In this section, four control structures for the TCM DA amine plant were tested via dynamic process model simulations. The  scenario  considers  realistic  load  changes  on  the  power plant, by changing flue gas flow rate feed to the absorber column. From a control analysis perspective,  flue gas flow rate change can be considered as a disturbance applied to the PCC process. A load change event would result in a significant change in flue gas flow rate, at a ramp rate given by GT operation and controls. Fast ramp rates are the goal of power plant operators, since a fast power plant can respond to the variability in costs in a day-ahead power market [7,64]. For a NGCC power plant, a fast ramp rate is considered to be around 10%/min GT load [4,65]. Two tests were considered and simulated:

  • Test 1: Ramping down flue gas flow rate from 100 to 70% in 3 min. The transient event starts at

t0 = 0 min, and sufficient simulation time is allowed for the plant to reach the new steady-state.

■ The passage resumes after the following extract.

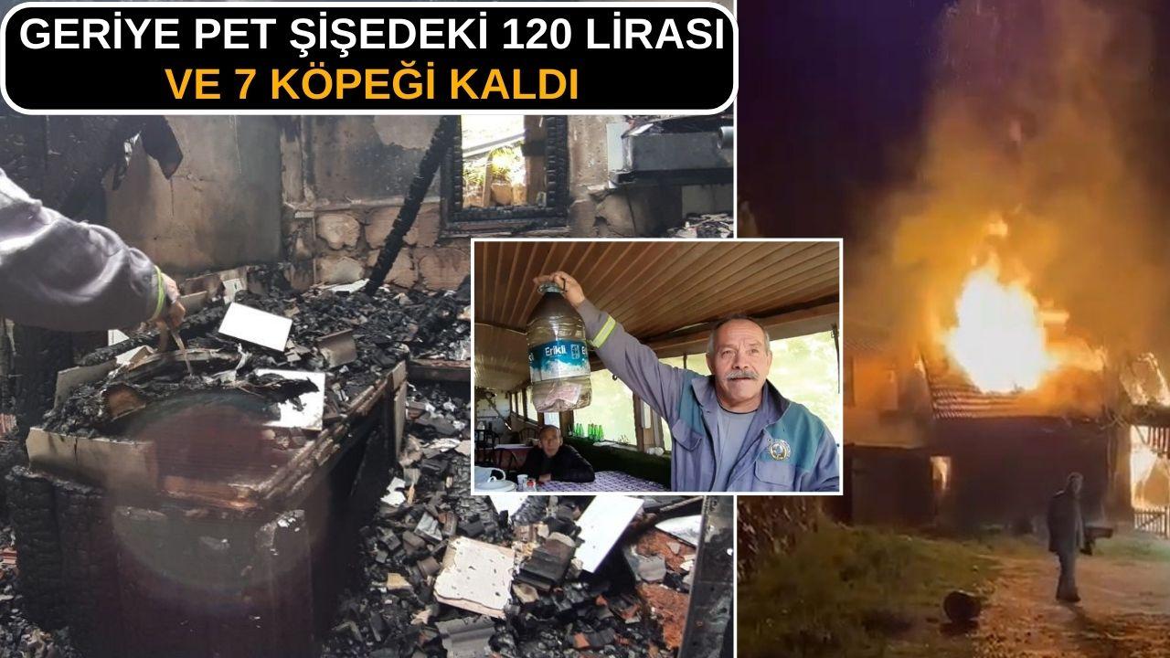 Bolu'nun Göynük ilçesinde iki katlı ahşap evde çıkan yangında ev ve eşyalar kullanılamaz hale gelirken, kumbara olarak kullanılan pet şişedeki 120 TL zarar görmedi. Maddi kayıp yaşayan ev sahibinin tek tesellisi ise, "Onlar benim dünyam" dediği 7 köpeğin yangından etkilenmemesi oldu.

  • Test 2: Flue gas flow rate is ramped up from 70 to 100% in 3 min. The transient event starts at

t0 = 0 min, and sufficient simulation time is allowed for the plant to reach the new steady-state.

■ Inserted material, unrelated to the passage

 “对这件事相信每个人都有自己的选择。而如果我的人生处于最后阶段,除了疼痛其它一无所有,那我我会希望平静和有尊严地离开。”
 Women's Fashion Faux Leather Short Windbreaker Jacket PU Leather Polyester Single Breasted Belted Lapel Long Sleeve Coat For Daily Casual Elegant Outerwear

The supervisory or advanced control layer of the TCM DA amine plant has three main degrees of freedom, consisting of set point of flue gas volumetric flow rate Fgas, set point of rich pump solvent flow rate Fsolv, and steam flow rate to feed the reboiler duty Qreb; refer to FT1, FT5 and FT4, respectively in Figure 1. Under normal and stable operation of the pilot plant at TCM DA, such degrees of freedom are changed manually by the operators to bring the plant to different operating conditions. If flue gas flow rate is considered to be a disturbance, there are two degrees of freedom left for operation. Note that here we do not consider the degrees of freedom available to the operators in the stabilizing or regulatory control layer, or for other auxiliary operations of the plant, or start-up procedures. Several studies in the literature suggest that keeping the capture ratio Cap and a temperature in the stripper column constant can lead to efficient operation of the process for varying loads of the PCC absorber-desorber process [13]. In this analysis, four control structures were tested, as presented in Table 7. All the feedback control loops are PI controllers, and were tuned with the simple internal model control (SIMC) tuning rules [66].

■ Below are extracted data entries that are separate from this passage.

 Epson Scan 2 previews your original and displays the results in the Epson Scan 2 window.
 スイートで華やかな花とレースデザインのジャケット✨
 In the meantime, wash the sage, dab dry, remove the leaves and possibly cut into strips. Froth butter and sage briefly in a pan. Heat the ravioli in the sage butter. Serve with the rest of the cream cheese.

  • Control structure A uses Fsolv  to control capture ratio at the top of the absorber Cap defined by Equation (13) to the set point of 0.85, and reboiler duty Qreb to control the solvent temperature at the stripper bottom Tstr to the set point of 120.9 C. This control structure has been previously proposed in the literature in different studies including [14,16], where it shows a fast response and the capability to reject disturbances.
  • Control structure B uses Fsolv to control the solvent temperature at the stripper bottom Tstr to the set point of 120.9 C, and reboiler duty Qreb to control capture ratio at the top of the absorber Cap to the set point of 0.85. Note that changes in reboiler duty result in a big change in solvent lean CO2 loading (large relative change RC; see Appendix A). A similar version was suggested by Panahi and Skogestad [14], where it was found that this control structure showed similar dynamic behavior, in response to disturbances in flue gas flow rate, compared with a model predictive control scheme (MPC).
  • Control structure C utilizes solvent flow rate Fsolv to control the mass-based L/G ratio in the absorber column at the same value as that in the close-to-design-point operating conditions. This control structure has been studied previously in [12,15]. This control loop is implemented via ratio control. In addition, reboiler duty is manipulated to control Tstr to 120.9 C. The control structure leads to different final steady-state operating conditions when ramping down the plant load than the other three alternatives.
  • Control structure D is a modification of control structure A. In this control structure, the solvent flow rate set point is changed via a feed forward (FF) action to control the capture ratio Cap at 0.85; in addition, the stripper bottom temperature is controlled by manipulating the reboiler duty. The feed forward controller is implemented by a set-point ramp change in the solvent flow rate with the same total duration as the flue gas flow rate ramp change, to the final value that gives a Cap of 0.85 under final steady-state conditions.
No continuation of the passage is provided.